The competing bills have created some drama at Queen’s Park, where proceedings quickly devolved into arguments about which party’s bill was better. The governing Progressive Conservatives repeatedly argued that Singh’s amendment to the law would drive up insurance prices in their respective ridings.
Michael Parsa, (PC, Aurora–Oak Ridges–Richmond Hill) warned of unintended consequences. “By implementing a law that will allow auto insurers to consider the GTA as a single geographic area, the high cost of auto insurance will ultimately be spread out across all zones that currently make up the GTA.”
Parsa said Gill had “taken the time to get it right” with Bill 42, which aims to amend the Insurance Act by implementing “a risk classification system (that) prohibits insurers from using factors primarily related to the postal code or telephone area code for the residence of a person who would be an insured person under a contract.”
Singh told The Pointer he’s not satisfied with the wording of the competing bill, saying “Bill 42 has this huge loophole in it that actually will not end postcode discrimination.”
A group of 28 Ontario lawyers, in an open letter published Wednesday, concurred with Singh’s assessment. “Simply put, Bill 42 has vague language which creates a loophole that insurance companies can exploit, and Bill 44 does not,” said the letter.

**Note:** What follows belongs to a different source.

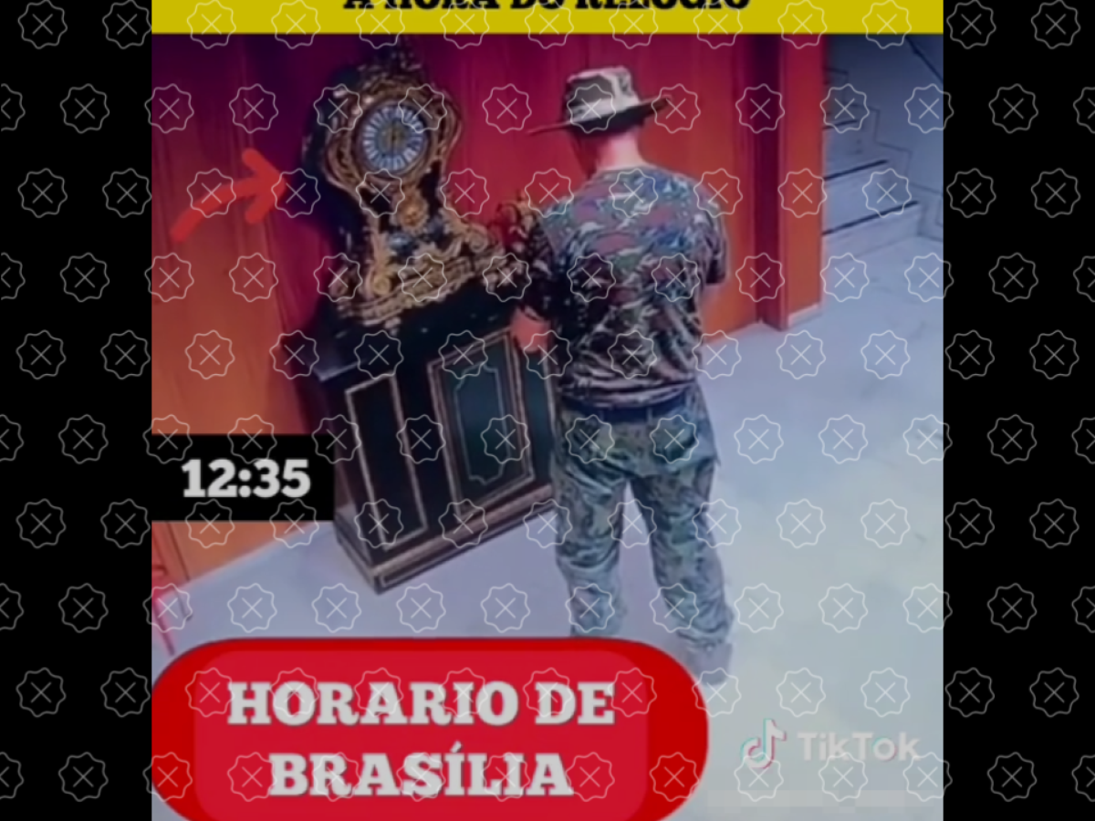 Publicações nas redes têm compartilhado um vídeo em que um homem manuseia os ponteiros de um relógio exposto no terceiro andar do Palácio do Planalto para sugerir que havia pessoas no local antes de manifestantes bolsonaristas invadirem os prédios dos Três Poderes na tarde de 8 de janeiro. A tese, que tenta provar a existência de "infiltrados" de esquerda nos atos, não se sustenta porque:

The letter is referring to the PC amendment's lack of a specific geographical guideline—similar rates for similar drivers across the whole GTA—which Singh’s bill has.
Further, the letter says, “Mr. Singh’s bill will protect safe drivers, while Mr. Gill’s bill would let companies continue to exploit drivers just because of where they live. Bill 44, Mr. Singh’s bill, is specific that GTA drivers will not be rated differently based on where they live and a safe driver in Brampton will be treated the same as a safe driver from Lawrence and Yonge.”
Brampton leads the way when it comes to soaring insurance premiums. A 2017 study by Kanetix.ca, an online insurance marketplace, found that Bramptonians on average paid 70 percent more per year on car insurance than the provincial average.
Residents of the city pay an average $2,268 annually, compared with a province-wide average of $1,316. That makes Brampton the most expensive city to insure a car in the province, and one of the most expensive auto insurance markets in Canada.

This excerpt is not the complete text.